Graph-Parsing Pipeline and Example Data

To enable reproducible results and help in understanding our approach we have open-sourced the full parsing pipeline that can create the ITEG from our paper.

Additionally, the repository contains an example graph created from the Tranco Top 1M list that can be directly imported and explored via Neo4J. The code and data can be found [here] or directly via Git:

git clone git@github.com:tumi8/iteg.git
cd graph-pipeline
git lfs pull

Git-LFS is only used for the example data. For simplicity, we excluded the full IPv4 address space scan (performed with ZMap) and the scan for an open port 443 on IPv6 Addresses with zmapv6 in this example. In the following we explain the steps necessary to reproduce the example-data/ from the repository.

1. Input Lists

The input for our ITEG was a domain name list and a full IPv4 address space scan. However, we skipt the latter in this example and, instead, use the IP addresses from the blocklists as additional input. For this example, we used the Tranco top 1M domains, the SSLBL, and the Feodo Tracker:

curl https://tranco-list.eu/download/G6Z3K/1000000 | cut -d , -f 2 > example-data/tranco-input.txt
curl https://sslbl.abuse.ch/blacklist/sslblacklist.csv > example-data/blocklists/abuse_ch_sslbl.sha1.csv
curl https://sslbl.abuse.ch/blacklist/sslipblacklist.csv > example-data/blocklists/abuse_ch_sslbl.ip.csv
curl https://feodotracker.abuse.ch/downloads/ipblocklist.csv > example-data/blocklists/abuse_ch_feodo.ip.csv

2. DNS Resolutions

We have used a local unbound server and massdns for our large-scale DNS resolutions. Any software would work that produces a CSV file like the following:

172.217.16.206,google.com
2a00:1450:4001:806::200e,google.com

We started with a list of domains names (example-data/tranco-input.txt), resolved them via massdns, and parsed the output into the proper format:

massdns  -o J -t AAAA -t A --filter NOERROR -r ./example-data/resolvers.txt \
    example-data/tranco-input.txt  | ./parse_massdns.py --output example-data/dns

This creates two files each for the IPv4 and IPv6 DNS resolutions.

3. The TLS Scan

Our TLS measruements were performed with the TUM goscanner. Please download and build the scanner. The scanner needs a single input file:

cat <(grep -F "#" -v example-data/blocklists/abuse_ch_sslbl.ip.csv | cut -d , --output-delimiter ":" -f 2,3) \
    <(grep -F "#" -v example-data/blocklists/abuse_ch_feodo.ip.csv | csvtool -u : col 2,3 - | tail -n +2) \
    example-data/dns/*.ipdomain | shuf > example-data/goscanner-input.csv

Then, we can start with the actual TLS measurements:

ulimit -n 1024000
goscanner -C example-data/goscanner.conf \
    --input-file example-data/goscanner-input.csv \
    --output example-data/tls

4. Combining it all as ITEG

We created the ITEG with Apache Spark. Spark can be tricky to set up; hence, we provide docker scripts that set up the environment and parse the example data. Have a look at the docker-compose.yml and the parsing script for further details. The script extracts the scan dates from the directory name of the input. Note the necessary cache directory that can be deleted after the run.

./create_graph.sh

5. Explore and Analyze the ITEG

Our parsing pipeline produces multiple files for each type of edge and node that can be analyzed with other tools. For example, the CSV output under example-data/tls_graph can be directly imported into Neo4J. Although, they need to be decompressed (e.g., with zstd --rm -d *.zst).

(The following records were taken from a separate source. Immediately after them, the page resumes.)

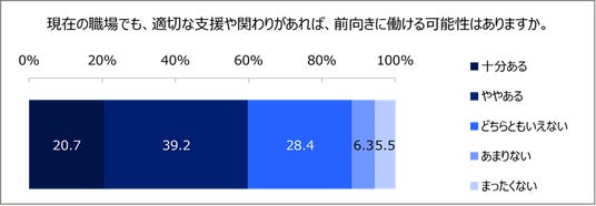 また、傷ついたときに適切な支援や関わりがあれば、前向きにはたらける可能性があるかを尋ねたところ、約60%が「ある」と答えました。(「十分ある」(20.7%)、「ややある」(39.2%))。
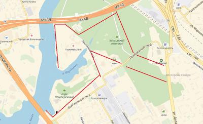 Далее Химкинский лес , дорога к платформе Левобережная и в сторону к парку Левобережный .
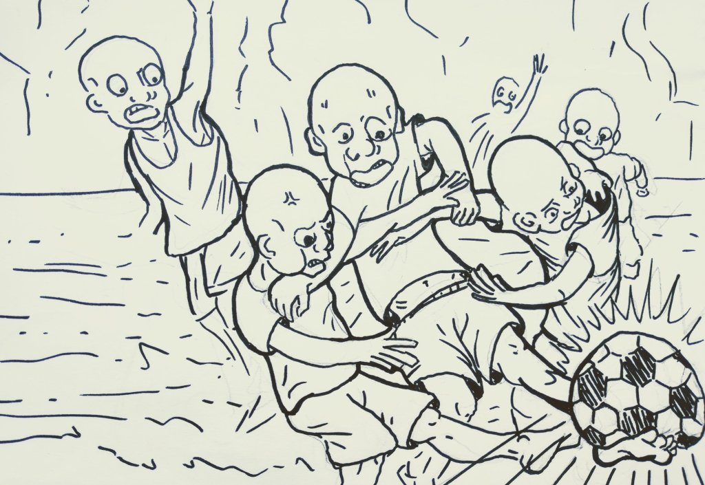Un pyjama trop grand en guise de maillot du jour. Un doigt dans chaque narine, les pieds nus dans la poussière. Pas plus hauts que trois pommes mais déjà des attitudes fières et des langages fleuris, tous les enfants du quartier sont là, assis sur le sable, la tête nue sous un soleil de plomb. Déjà une heure qu’ils attendent. Ils peuvent attendre une heure de plus, même deux… jusqu’à la tombée de la nuit s’il le faut. De toute façon, à la maison, il n’y a pas grand-chose de mieux à faire. Pas de devoirs, pas de jeux vidéo, pas de livres ou de bandes dessinées… Alors, comme tous les jours après l’école – qui se termine de bonne heure – on attend sur le terrain vague. On attend le ballon.
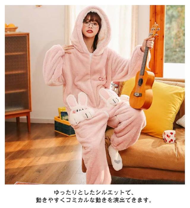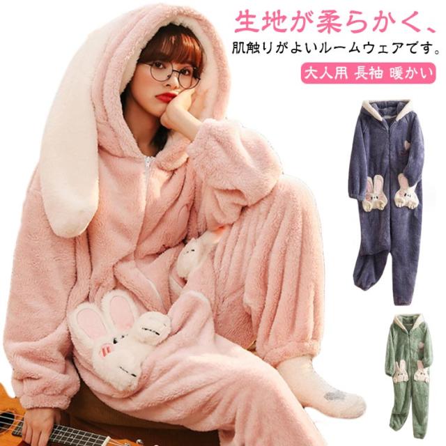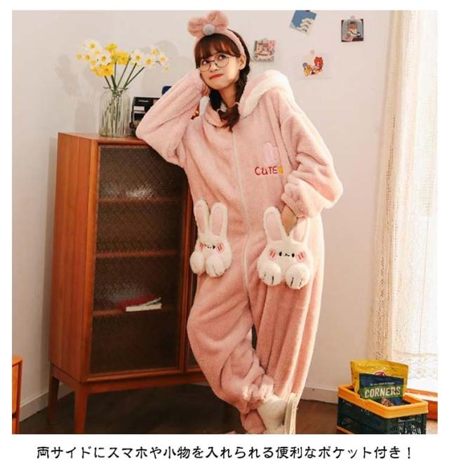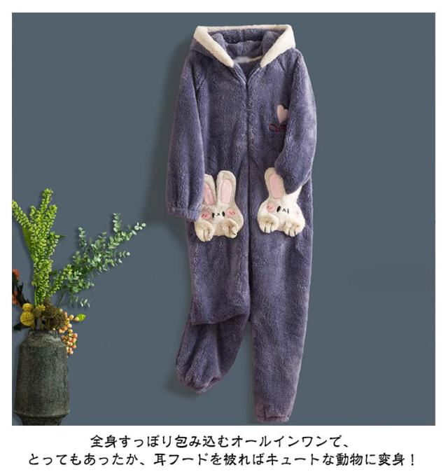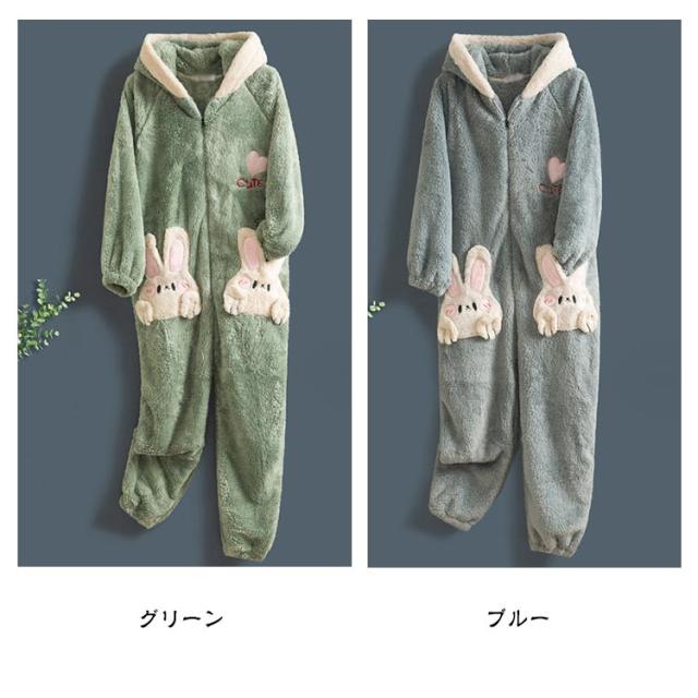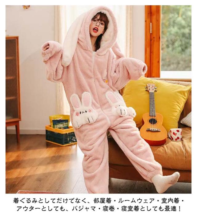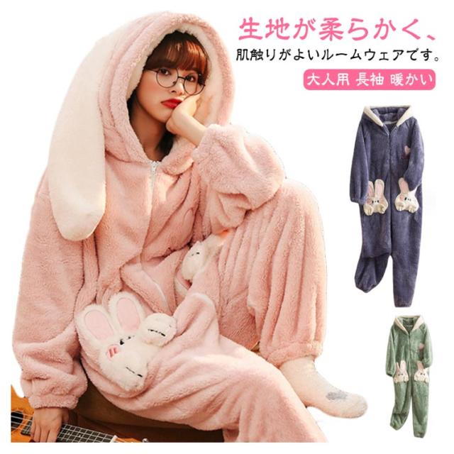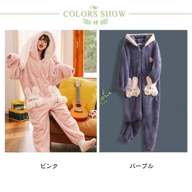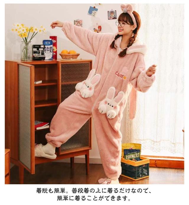きぐるみパジャマ ルームウェア パジャマ もこもこ 長袖 可愛いパジャマ 冬 ルームウェア 可愛い 大人用 部屋着 暖かい ウサギ レディース きぐるみパジャマ 冬ワンピース寝巻き オーバーオール
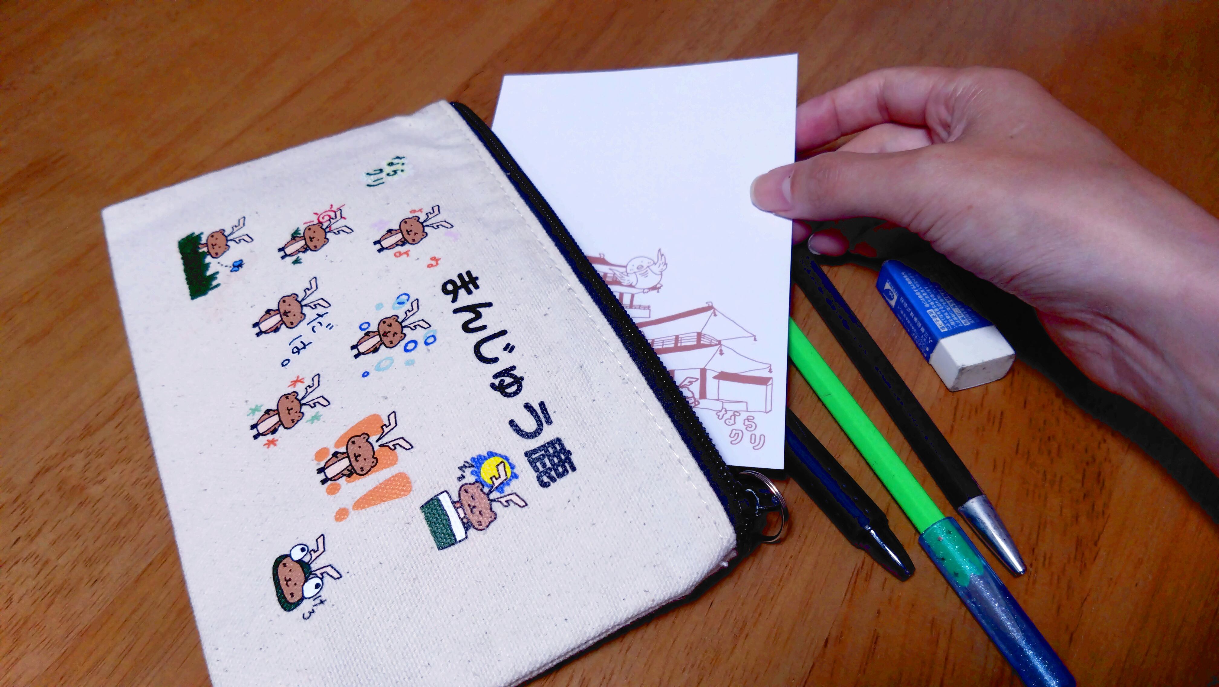 たくさんのまんじゅう鹿が描かれたポーチ。
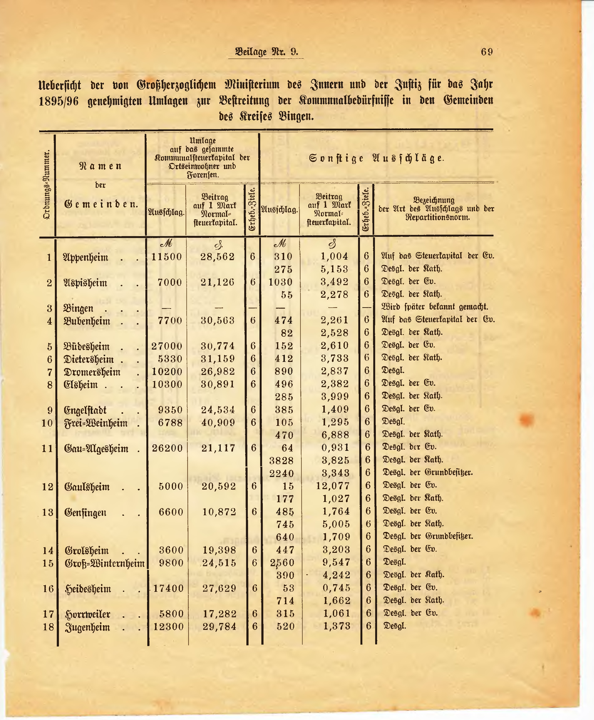 Uebersicht der von Großherzoglichem Ministerium des Innern und der Justiz für das Jahr 1895/96 genehmigten Umlagen zur Bestreitung der Kommunalbedürfnisse in den Gemeinden des Kreises Bingen..
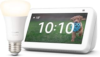 Echo Show 5 (2. Generation, 2021), Weiß + Philips Hue White-Lampe (E27), Funktionert mit Alexa - Smart Home-Einsteigerpaket
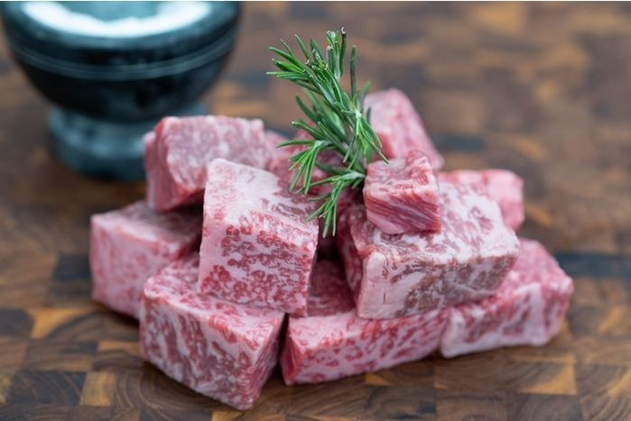 Australian Marble Score 9+ Cubes. Outside fat trimmed off. Perfect for grilling.
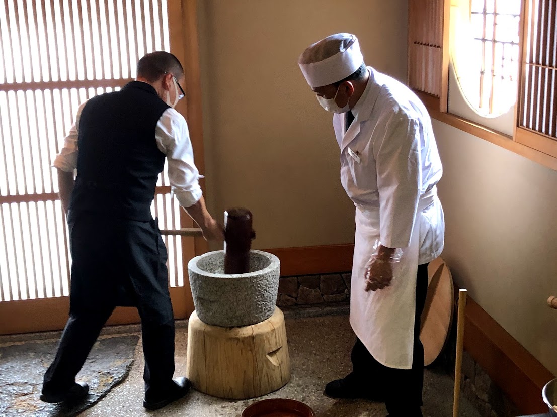 お餅つきがはじまりました。二人なのに申し訳ないですー。 シメに京風お雑煮がでます。 |

./import_neo4j.sh example-data/tls_graph

We experienced that Neo4J provides a convenient Interface to manually explore the graph; however, for more advanced analyses we recommend tools like Apache Spark with the GraphFrames library.

The output of the Neo4J schema function:

Schema of the Example-Graph

Note that there were IP Addresses embedded as Altertnative Name in some certificates. These were always self-signed certificates. However, we did not consider such cases in the paper.

The TMA website

tma.ifip.org was not on the tranco top list, but we manually added it for demonstration. If you are running Neo4J you can see yourself, or have a look at the following excerpt:

Example from the Graph

You can see that tma.ifip.org is quite isolated, it has its own IP address and certificate. However, the parent domain ifip.org has a certificate that reveal the alias ifip.or.at.